▸ Data section:
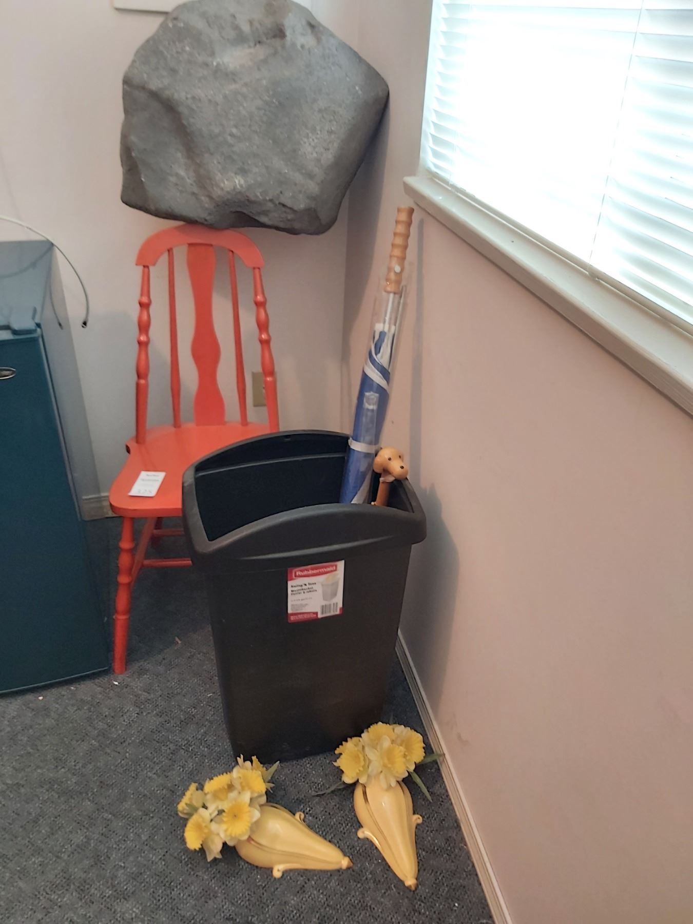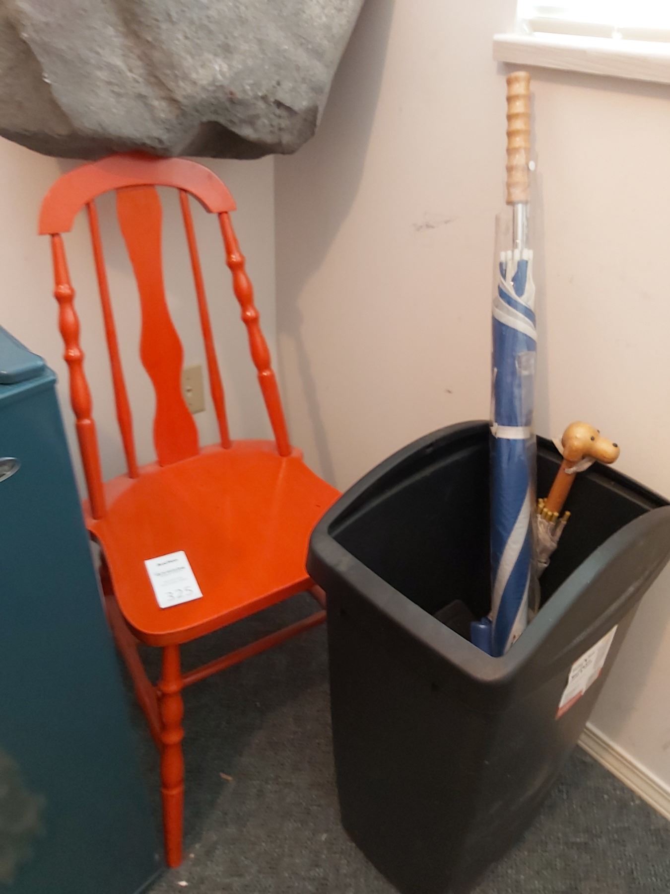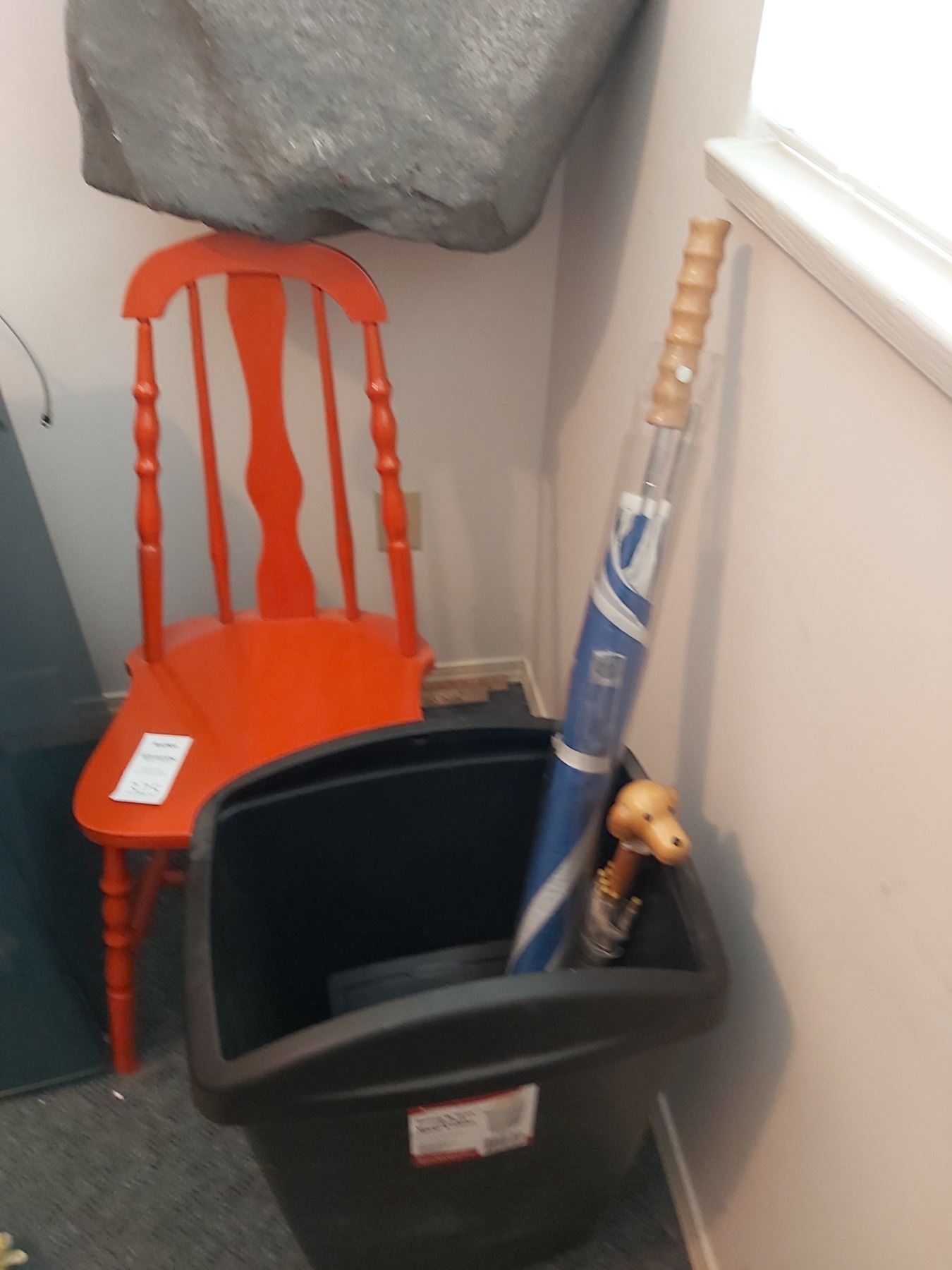 Lot includes wooden chair, garbage bin, umbrella, faux rock, and wall sconces. Pickup 9 am cat. A.
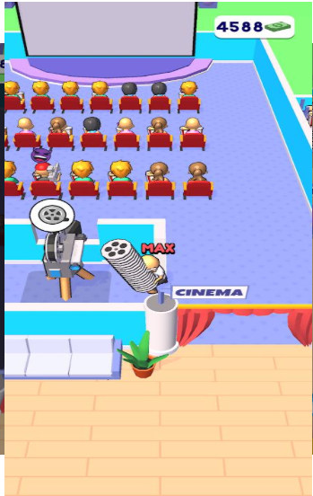 3、当你在游戏中赚取了许多的收益是你可以扩大你的电影院和招聘更多的服务员,解锁更多的区域,吸引更多的客人;
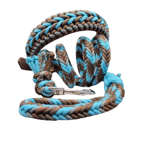 Collare in Paracord 550 nei colori Espresso – Turchese – Noce – Diamante Turchese, regolabile attraverso una cintura di Biothane colore Marrone. Adatto ai cani di taglia grande – spessore 11 mm – altezza 4 cm

▸ Action item:
Repeat the listing above word for word and leave its images out.

▸ Answer below:
 Lot includes wooden chair, garbage bin, umbrella, faux rock, and wall sconces. Pickup 9 am cat. A.
 3、当你在游戏中赚取了许多的收益是你可以扩大你的电影院和招聘更多的服务员,解锁更多的区域,吸引更多的客人;
 Collare in Paracord 550 nei colori Espresso – Turchese – Noce – Diamante Turchese, regolabile attraverso una cintura di Biothane colore Marrone. Adatto ai cani di taglia grande – spessore 11 mm – altezza 4 cm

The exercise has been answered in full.